Related: The Complete Guide To Acne Scars: The Best Treatment For Each Type
How To Treat Acne Marks
Acne marks go away on their own, but there are ways to speed up the process (because, who wants to put up with them for months?):
- Arbutin: An extract derived from bearberry leaves, it turns into hydroquinone in the body (but doesn’t have its side effects). It stops melanin production in its tracks.
- Azelaic Acid: Made by the healthy bacteria that live on your skin, it inhibits tyrosinase (the enzyme involved in melanin production) and reduces inflammation. It works for both PIE and PIH.
- Chemical Peels: They use high concentrations of exfoliating hydroxy acids (including Glycolic, Lactic, and Salicylic) to remove dead skin cells to reveal the more even-toned skin underneath. Small concentrations of these peels are available OTC – and they work (slowly). Higher (20%>) concentration work faster, but they should be administered by a professional only.
- Niacinamide: A form of Vitamin B3 that does everything, from hydrating skin to fighting acne and reducing wrinkles. It also fades away acne marks by stopping melanin pigment from leaking into skin cells and reducing inflammation. It works both for PIE and PIH.
- Retinol: Like all forms of Vitamin A, retinol speeds up cellular turnover, the skin’s natural exfoliating process. This means that damaged, dark cells slough off leaving brighter ones in their wake. Plus, it boosts collagen and kicks free radicals in the butt.
- Vitamin C: This antiaging superstar is better known for its wrinkle-fighting properties but it also fades dark spots and brightens the complexion.
- Hydroquinone: The gold standard in treating all kinds of dark spots and pigmentation. It works by inhibiting the production of melanin but it’s harsh and can cause ochronosis (gives skin a bluish tint) in darker skin tones.
Related: The Battle Of The Skin-Lighteners: Which One Is The Best Alternative To Hydroquinone (+ Product Recommendations)?
How To Prevent Acne Scars And Acne Marks
Inflammation plays a key role in the formation of acne scars and marks. If you can reduce that, you can prevent these problems before they appear. How?
- Anti-inflammatory ingredients: Acne is an inflammatory disease and a lot of the treatments for it are pretty harsh and can irritate skin more. Allantoin, bisabolol, colloidal oatmeal, green tea, and resveratrol all have soothing properties that calm down inflammation.

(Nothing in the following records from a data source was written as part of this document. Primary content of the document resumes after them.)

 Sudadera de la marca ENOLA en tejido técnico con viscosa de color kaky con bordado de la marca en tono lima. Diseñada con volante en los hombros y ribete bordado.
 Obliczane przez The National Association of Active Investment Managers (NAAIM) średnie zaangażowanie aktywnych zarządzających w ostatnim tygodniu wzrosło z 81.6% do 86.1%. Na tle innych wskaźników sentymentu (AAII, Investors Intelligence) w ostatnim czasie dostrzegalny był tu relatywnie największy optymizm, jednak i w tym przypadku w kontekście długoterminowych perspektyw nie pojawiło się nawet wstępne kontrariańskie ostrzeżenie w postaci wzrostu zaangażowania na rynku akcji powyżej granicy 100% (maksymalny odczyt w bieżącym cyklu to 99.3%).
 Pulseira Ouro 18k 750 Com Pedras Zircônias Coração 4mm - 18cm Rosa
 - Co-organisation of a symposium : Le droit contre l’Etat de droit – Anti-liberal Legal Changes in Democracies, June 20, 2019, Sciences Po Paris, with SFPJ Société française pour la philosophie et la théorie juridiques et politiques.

- Retinoids: All forms of Vitamin A treat scars and prevent them from happening by curing acne. 0.3% adapalene (both with and without acne-fighter benzoyl peroxide), for example, was better both at treating and preventing scarring over 24 weeks, compared to a control cream.

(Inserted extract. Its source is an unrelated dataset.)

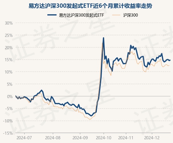 证券之星消息,12月23日,易方达沪深300发起式ETF最新单位净值为3.8626元,累计净值为1.9706元,较前一交易日上涨0.15%。历史数据显示该基金近1个月上涨1.85%,近3个月上涨22.69%,近6个月上涨14.7%,近1年上涨21.02%。该基金近6个月的累计收益率走势如下图: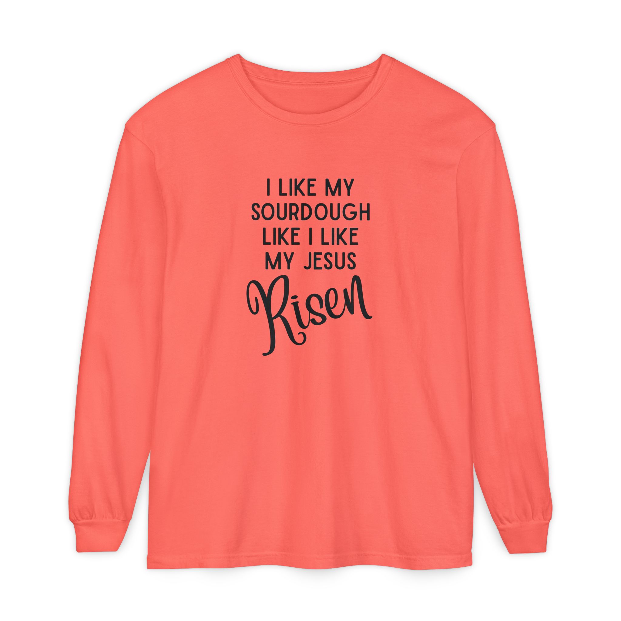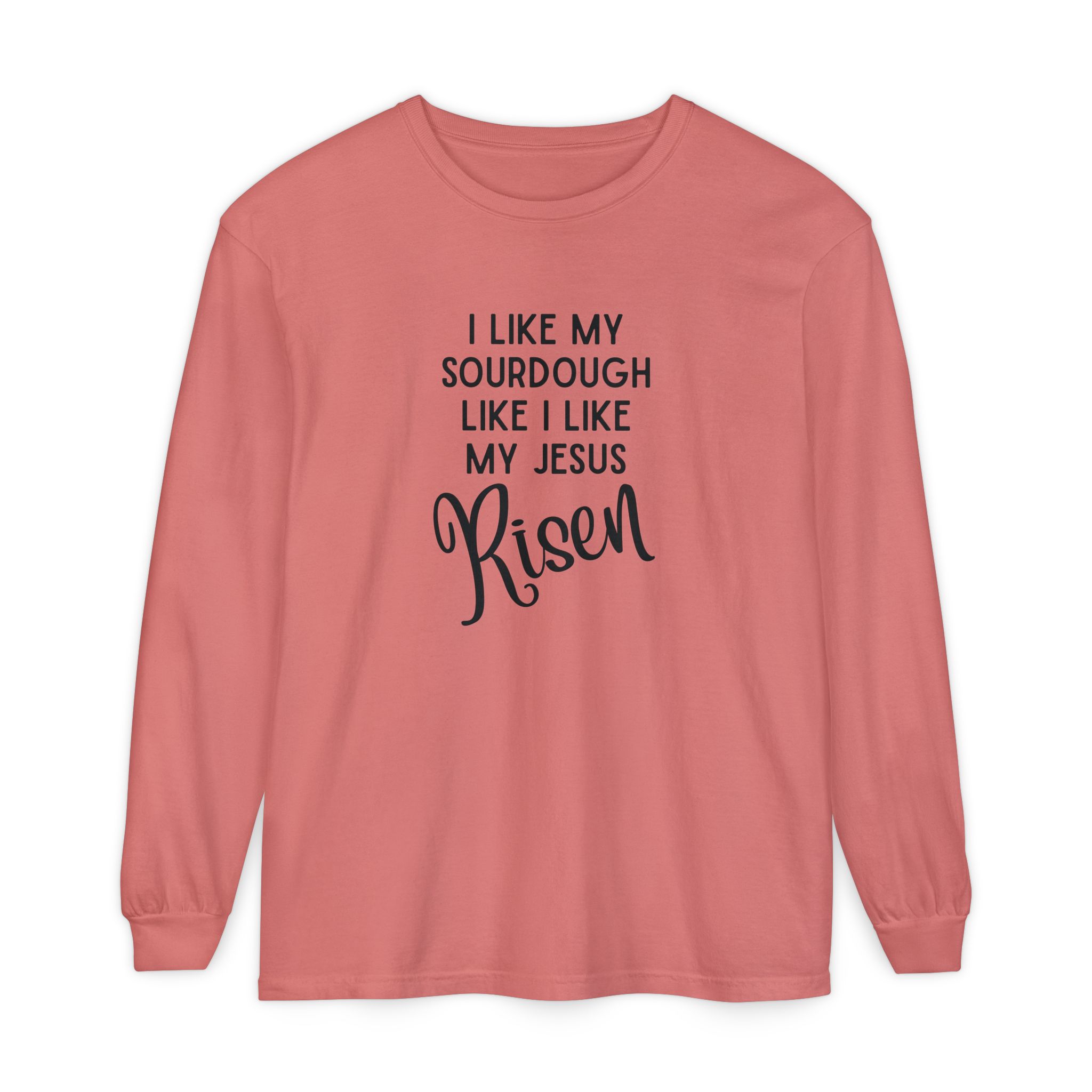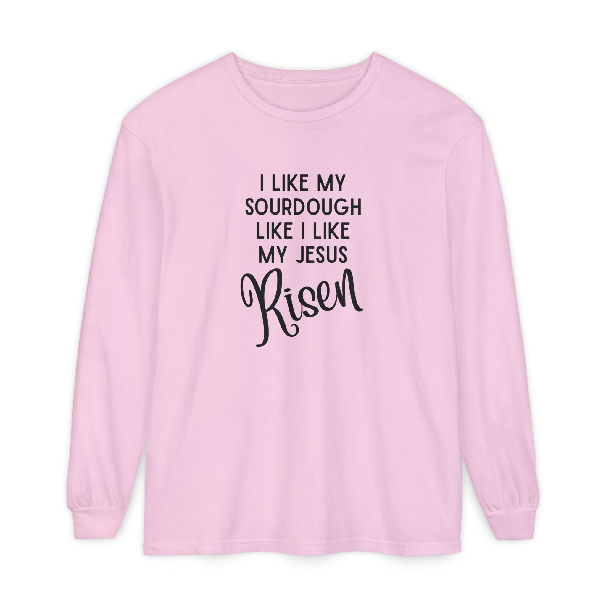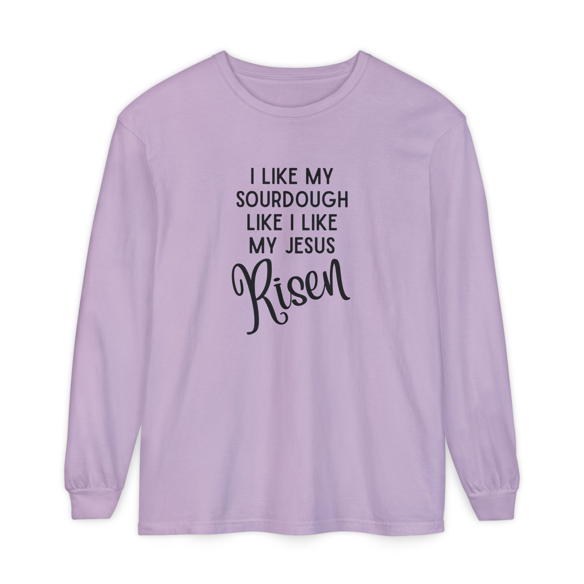 This witty tee is perfect for sourdough lovers with a sense of humor. Featuring the bold phrase “I like my sourdough like I like Jesus, risen,” it’s equal parts clever, cozy, and conversation-starting. Made with soft, breathable cotton and a classic fit, it’s a must-have for bread bakers, church potlucks, or anyone who appreciates a good rise.

Related: What’s The Right Type Of Retinoids For Your Needs?
The Bottom Line
While acne scars and acne marks are both caused by inflammation, they look different and must be treated differently. Acne marks are flat, brown or red in colour, and can be easily treated with the right OTC products. Acne scars are irregularities in the skin’s texture and can only be treated with lasers, microneedling and other cosmetic treatments.